**Task instructions:** Print only the lines below, from the very first to the one containing "Tripal Border Safta", exactly as they stand. Do not print pictures.

Extracted records:
=======
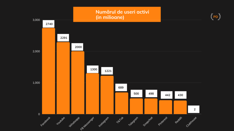 Cu toate acestea, Facebook rămâne platfoma cea mai utilizată, cu 2,74 milioane de utilizatori, Youtube este a 2-a platformă, cu 2,291 milioane si a 3-a este WhatsApp cu 2 milioane de utilizatori.
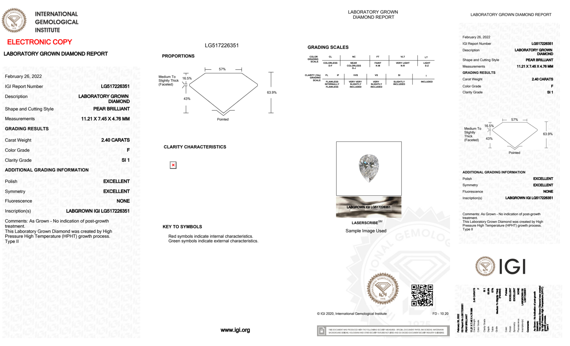 Your 2.40 carat Pear lab diamond is graded F color (Colorless), and you can read more about F color diamonds here.
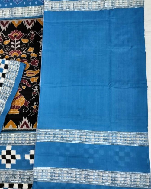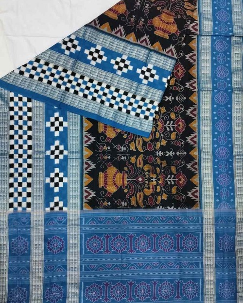 Tripal Border Safta Sambalpuri Saree With Blouse Pices. Dark Black & Sky Colour Combination Sambalpuri Border Safta Saree
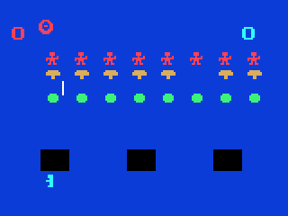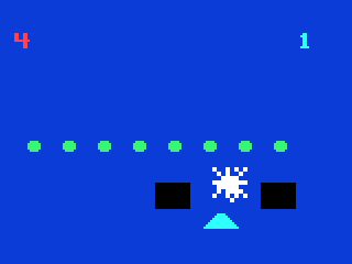 As battles progress, the Merciless Monstroth—a massive flying monstrosity replacing the classic passing saucer—enters the fray. It glides menacingly across the top of the screen, peppering your defenses with energy beams. Once the shields are depleted, Monstroth dives to hunt you directly, switching the game’s pace from strategic defense to frantic survival. Timing your movements and shots becomes crucial when you’re the hunted, not just the hunter.
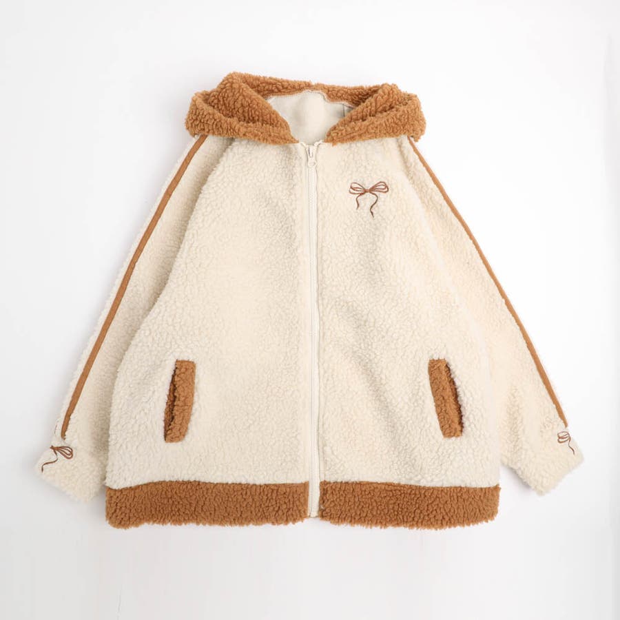 おうちで洗える!オーバーサイズサイドラインバックリボンボアアウター
=======
**Written response:**
 Cu toate acestea, Facebook rămâne platfoma cea mai utilizată, cu 2,74 milioane de utilizatori, Youtube este a 2-a platformă, cu 2,291 milioane si a 3-a este WhatsApp cu 2 milioane de utilizatori.
 Your 2.40 carat Pear lab diamond is graded F color (Colorless), and you can read more about F color diamonds here.
 Tripal Border Safta Sambalpuri Saree With Blouse Pices. Dark Black & Sky Colour Combination Sambalpuri Border Safta Saree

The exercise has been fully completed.